Я уже развернулась, чтобы покинуть кухню, но остановилась и снова посмотрела на братьев.
– И без споров! Ты, – указала я на Сережку, – моешь посуду! А ты, – глаза Вовки стали жалостливые, – подметаешь пол! Ясно?
– Ясно! – ответили они хором.
– Можете не прямо сейчас, – смилостивилась я, – просто сделайте это к моему возвращению.
– А когда ты вернешься? – спросил Вовка, жалости в глазах больше не было, они чуть сузились, обретая привычный для этого мальчишки хитрый взгляд.

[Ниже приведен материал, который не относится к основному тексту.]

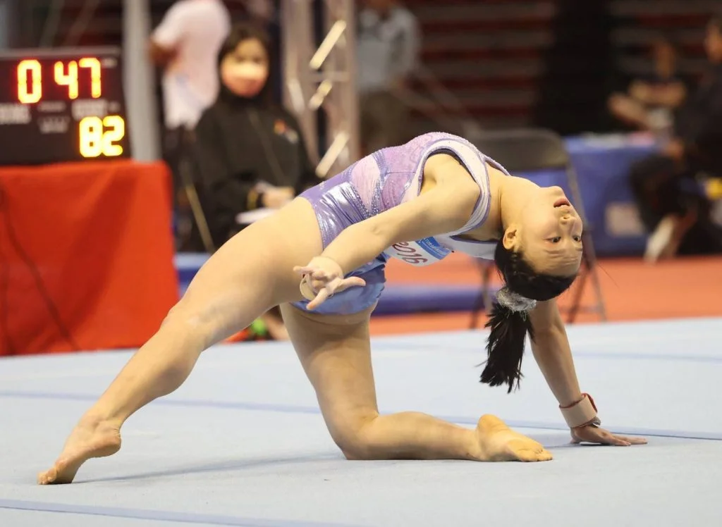 112年全大運競技體操最後一天賽程結束,輔仁大學丁華恬包辦公開女子組個人全能、高低槓、平衡木與地板四面金牌,為本屆競技體操金牌數最多的選手,比賽中她也表現得十分自信,展現奪金氣勢。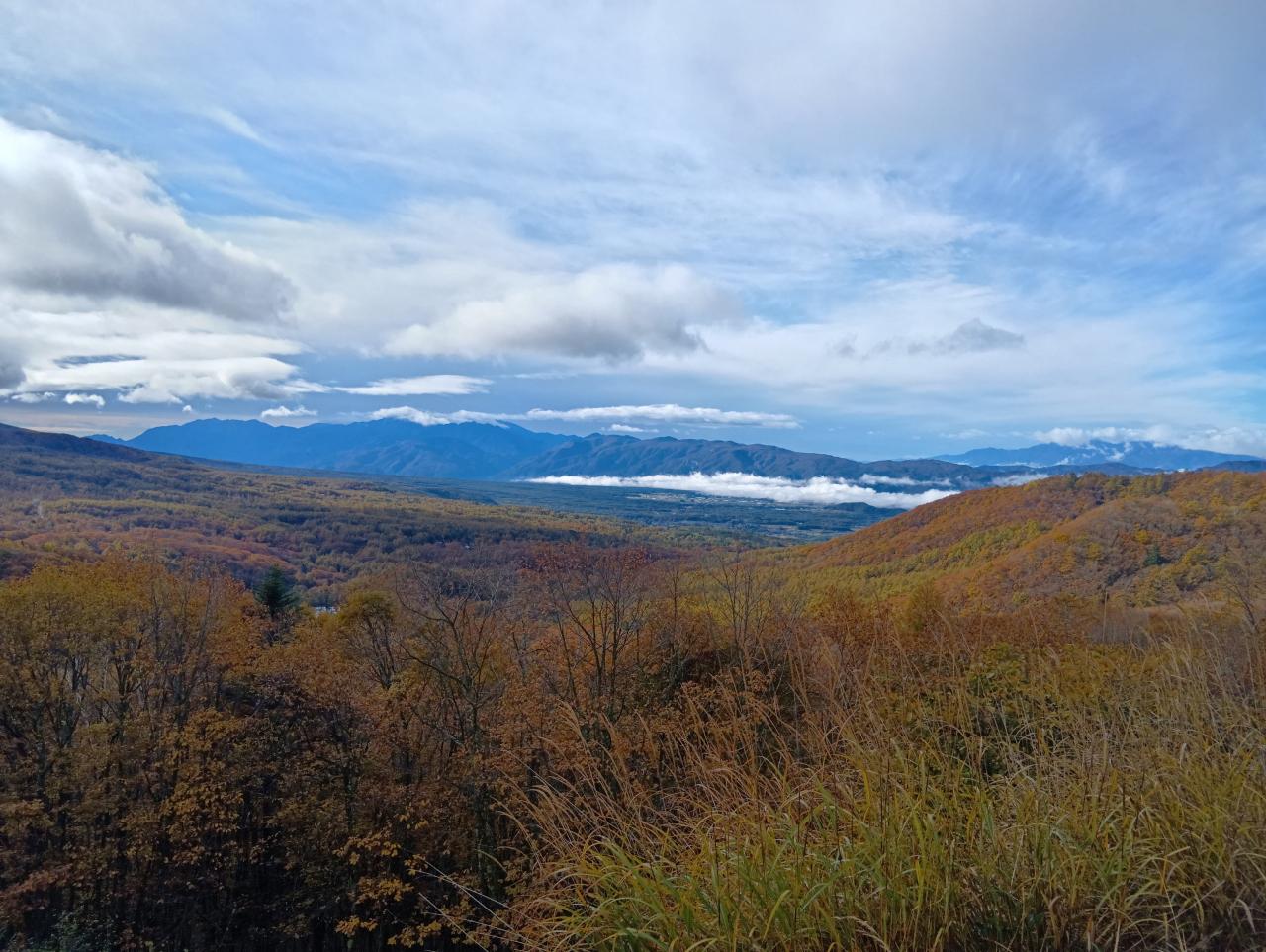 一部雲で山頂が隠れていますが、八ヶ岳が綺麗に見えます。木々も色づいています。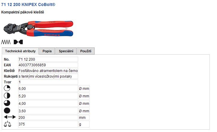 • stříhají materiály jako jsou čepy, hřebíky, nýty atd. do O 5,2 mm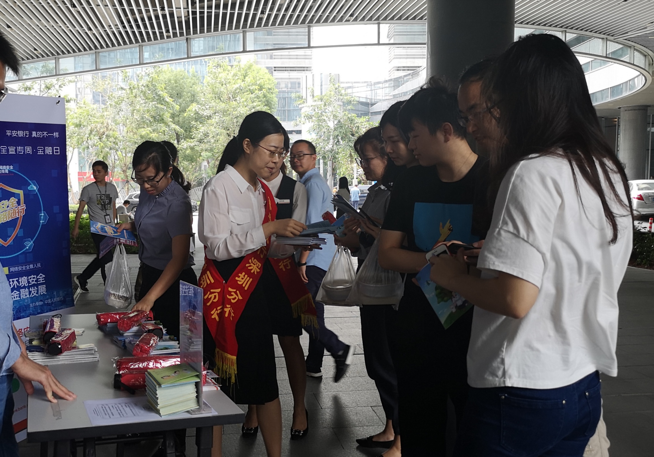 針對非法集資案件頻發(fā)的情況,9月19日中午,平安銀行深圳分行組織大沖支行在人群密集區(qū)域設點宣傳,工作人員以發(fā)放宣傳折頁、擺放橫幅、張貼海報等形式向公眾普及各類正規(guī)投資渠道等投資理財知識,引導公眾合理選擇金融產(chǎn)品和服務,提升防范非法金融活動的能力,呼吁公眾遠離非法集資、非法放貸、金融詐騙。此外,該行工作人員還運用生動的案例向公眾宣講了防范電信詐騙的技巧,提高公眾防騙意識。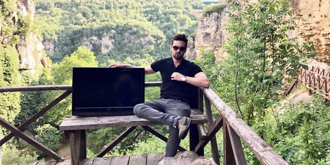 Yeni televizyonuyla tatile çıktı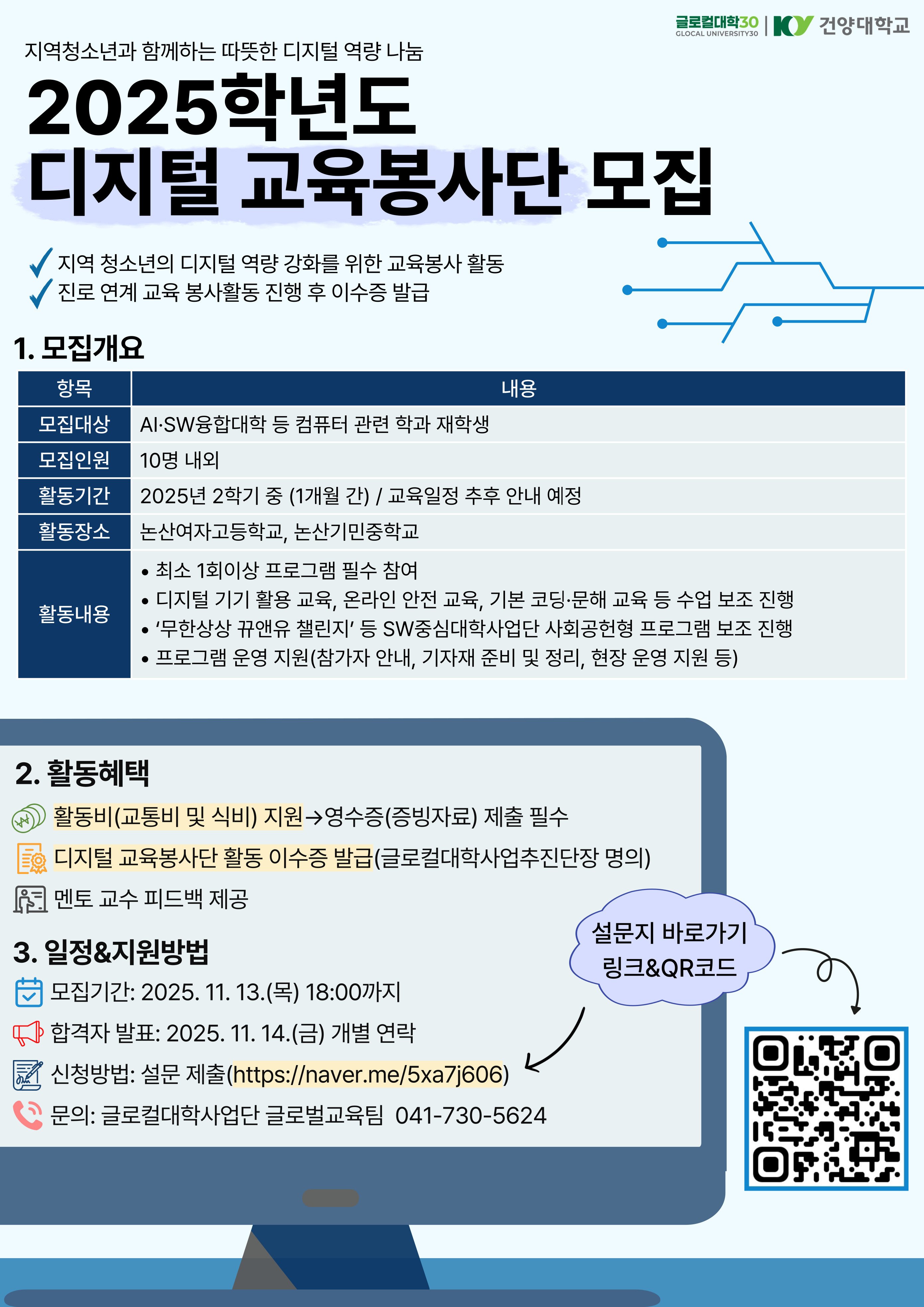 『 2025학년도 디지털 교육봉사단 모집안내 』글의 상세내용을 확인하는 표로 제목, 부서명, 등록일, 조회, 첨부, 내용으로 나뉘어 설명합니다.

Я задумалась. Сегодня я встала рано. Вряд ли я выдержу поход в клуб и шумную компанию до самого утра. Хотелось бы вернуться домой к часу ночи, но братьям я не стала озвучивать время своего появления, оставив за собой эффект внезапности.
У нас был с ними уговор. Пока мама в больнице на ночной смене, я иду с одноклассниками отмечать последние дни каникул, а мальчишки делают что хотят, играются в компьютер до поздна, например. Главное, что мы друг друга не сдаем родительнице. В дополнение к нашей сделке я закажу им пиццу, а они вымоют посуду. Пункт "подмести пол" добавился чисто в воспитательных целях.
Собралась я довольно быстро. Новые босоножки, короткое черное платье, последний критический взгляд в зеркало – и вот я, довольная отражением, упорхнула из квартиры.
Спуск по лестнице стал испытанием. То ли я босоножки плохо затянула, то ли они сами по себе были неудобные, но я, в позе краба, хватаясь за перила, медленно ползла с пятого этажа, боясь оступиться. Минус всех пятиэтажек – отсутствие лифта.
Рита Волкова, моя лучшая подруга и одноклассница, ждала меня у подъезда, лениво листая ленту в соцсетях.
– Дёмина, ты чего так долго? – встретила она меня вопросом, оторвавшись от телефона.
– Ну, ты прям красотка, – восхищенно протянула она и тут же подтолкнула меня в бок: – Давай быстрее, все наши уже там!
– Ты что, правда, так пойдешь? – изумилась я, уставившись на ее платье. Ритка тут же занервничала. Спрятав телефон в сумочку, она с беспокойством огладила свое голубое платье, пытаясь понять, что во мне вызвало такую реакцию.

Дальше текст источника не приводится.